Saturn returns to wake us up to our true selves
Of course, not everyone is quite so quick to believe in the power of Saturn return. Despite an increased interest in astrology (apps such as Co-Star, which has well over 5 million registered accounts, offers daily readings for millennial fans), many young women merely consider themselves as curious spectators. But while we really don’t need anything else to worry about, even the most sceptical can’t shake the feeling that there’s something about the concept of Saturn return that rings true.
“Not one part of me follows or believes in astrology,” says Maddy, 29. “I’d never heard of Saturn return until about a year ago when a co-worker mentioned it. At the time I brushed it off, but over the last year, I’ve started doubting ambitions and principles that have always felt firmly set. And I see my female friends of the same age going through similar experiences; ending long, unsatisfying relationships, changing careers, moving countries. It seems as though there’s this tidal wave of change and transition that breaks in our late 20s.
“I don’t think the Saturn return is what makes a lot of women in their late 20s feel a bit wobbly and start making changes. I think it’s more likely social, cultural and financial. But not being linked to cosmic events doesn’t make it any less painful,” she adds.
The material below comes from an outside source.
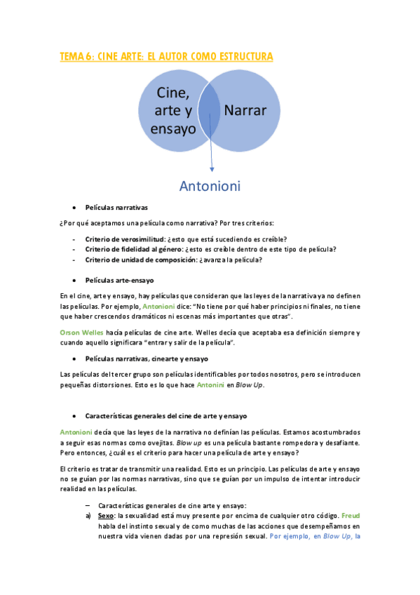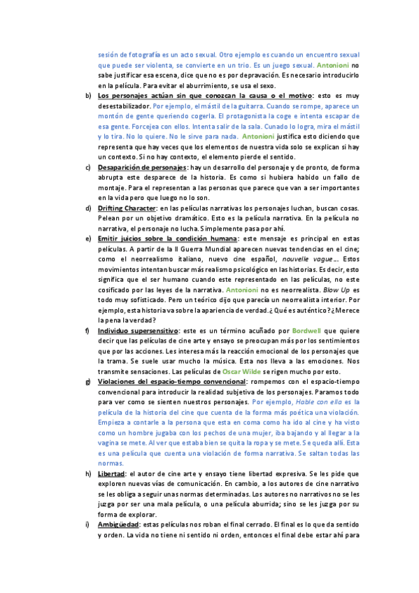 Ejemplos de algunas películas y fragmentos vistos en clase además de la descripción de los visionados obligatorios que entran en el examen

It’s true that often women who have begun to feel more comfortable in their chosen career might feel a need to break free, and have more of a safety net to do so having often worked for a few years. But Oddie argues Saturn return is universal: “I’ve seen just as many men struggle with their Saturn return as women. We are living in times of change, and today Saturn return is more of a question of what norms we have absorbed and obeyed without questioning.”
Credit: Getty
In an increasingly chaotic world, most of us are simply looking for ways to find a light in what often feels like a dark tunnel. Personal feelings aside, Dr Perpetua Neo, a London-based clinical psychologist, thinks there could be some truth in the astrological concept. “I do believe quite strongly in Saturn return,” she says. “Psychologically, it makes sense that there’s a time of reckoning around your 30s.”
“The clients I speak to around this age want to define who they are,” Dr Neo explains. There’s an urgency to get started on the goals that they have, perhaps, set aside for whatever reason. Don’t forget that biologically your hormones change, too; your oestrogen will go down. All this translates to the ways we might think differently. There’s a very strong mind and body link.”
Biologically, your hormones change, too
But, whether you put it down to astrology or not, Dr Neo says the important thing for anyone going through a time of change is to “be aware and try not to be too hard on yourself”.
“It’s important to step back and think: if you were your own psychologist, what would you say?” she asks. “Objectivity means being able to acknowledge things that you’ve done – your strengths and your gifts – so that you can use this to rethink all of your different challenges.
“There are always going to be points in our lives when we question, so rather than pretend that we don’t, it’s OK to face it and get through the metaphorical eye of the storm. Wisdom is being able to adjust ourselves.”